# EXERCISE DIRECTIONS
Beginning with the line where "针对收取到的退信邮件,用户可" appears, set down each line exactly until the records below end, and omit the pictures.

# SUPPLIED ENTRIES
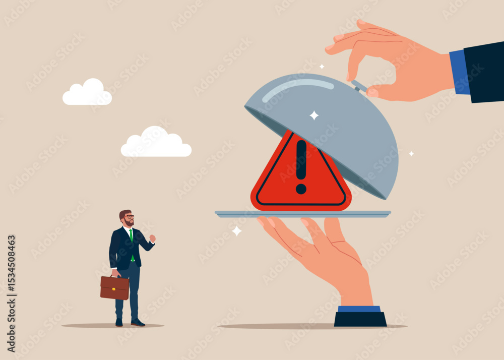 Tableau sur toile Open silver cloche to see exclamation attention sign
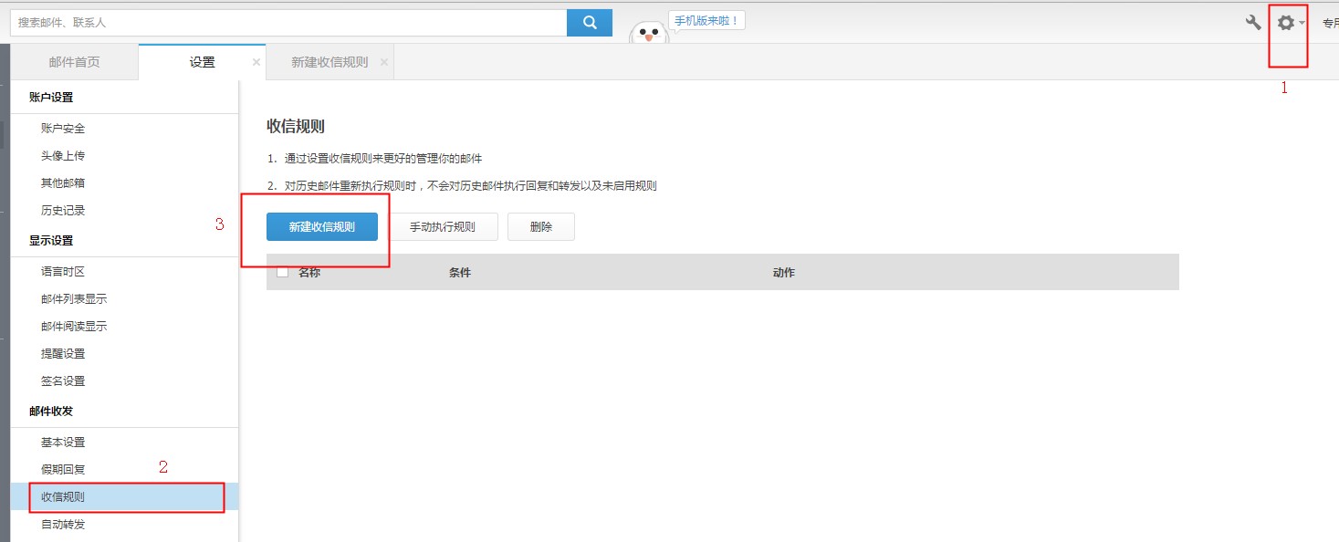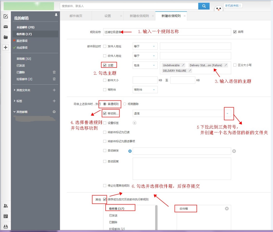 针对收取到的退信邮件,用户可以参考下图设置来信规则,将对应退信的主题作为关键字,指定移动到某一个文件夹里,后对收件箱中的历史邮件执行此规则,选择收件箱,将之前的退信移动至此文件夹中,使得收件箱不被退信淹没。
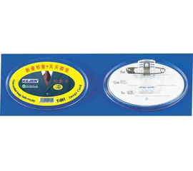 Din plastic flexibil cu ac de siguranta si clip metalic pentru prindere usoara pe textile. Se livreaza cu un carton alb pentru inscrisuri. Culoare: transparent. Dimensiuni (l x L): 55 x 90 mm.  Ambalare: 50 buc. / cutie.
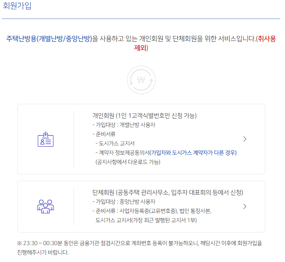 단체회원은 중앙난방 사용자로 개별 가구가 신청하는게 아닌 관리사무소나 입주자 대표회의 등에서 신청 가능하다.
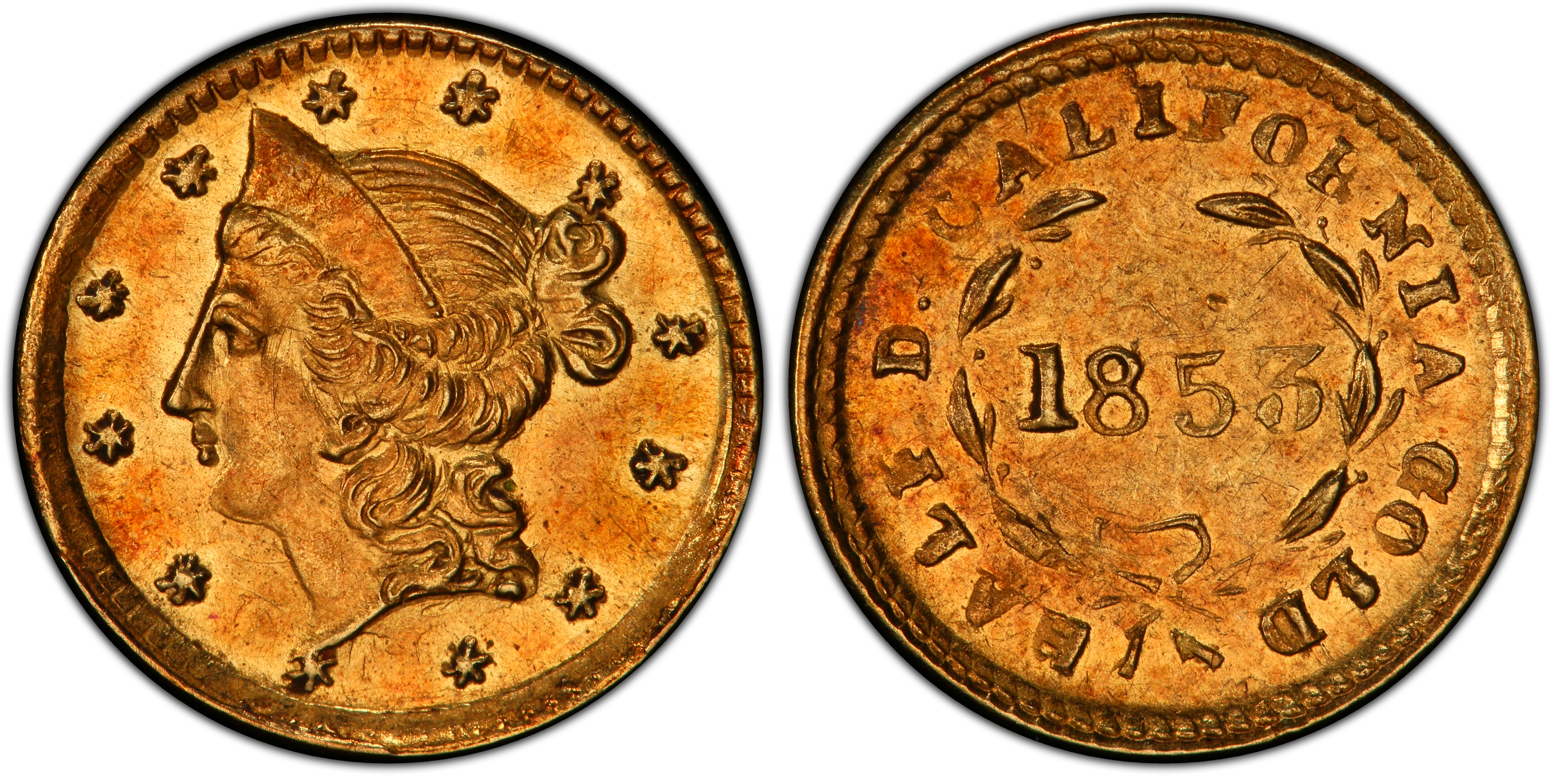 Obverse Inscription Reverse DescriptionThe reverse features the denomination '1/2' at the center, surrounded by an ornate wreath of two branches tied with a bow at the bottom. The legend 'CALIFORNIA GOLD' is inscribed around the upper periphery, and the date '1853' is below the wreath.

# OUTPUT FOR THIS TASK
 针对收取到的退信邮件,用户可以参考下图设置来信规则,将对应退信的主题作为关键字,指定移动到某一个文件夹里,后对收件箱中的历史邮件执行此规则,选择收件箱,将之前的退信移动至此文件夹中,使得收件箱不被退信淹没。
 Din plastic flexibil cu ac de siguranta si clip metalic pentru prindere usoara pe textile. Se livreaza cu un carton alb pentru inscrisuri. Culoare: transparent. Dimensiuni (l x L): 55 x 90 mm.  Ambalare: 50 buc. / cutie.
 단체회원은 중앙난방 사용자로 개별 가구가 신청하는게 아닌 관리사무소나 입주자 대표회의 등에서 신청 가능하다.
 Obverse Inscription Reverse DescriptionThe reverse features the denomination '1/2' at the center, surrounded by an ornate wreath of two branches tied with a bow at the bottom. The legend 'CALIFORNIA GOLD' is inscribed around the upper periphery, and the date '1853' is below the wreath.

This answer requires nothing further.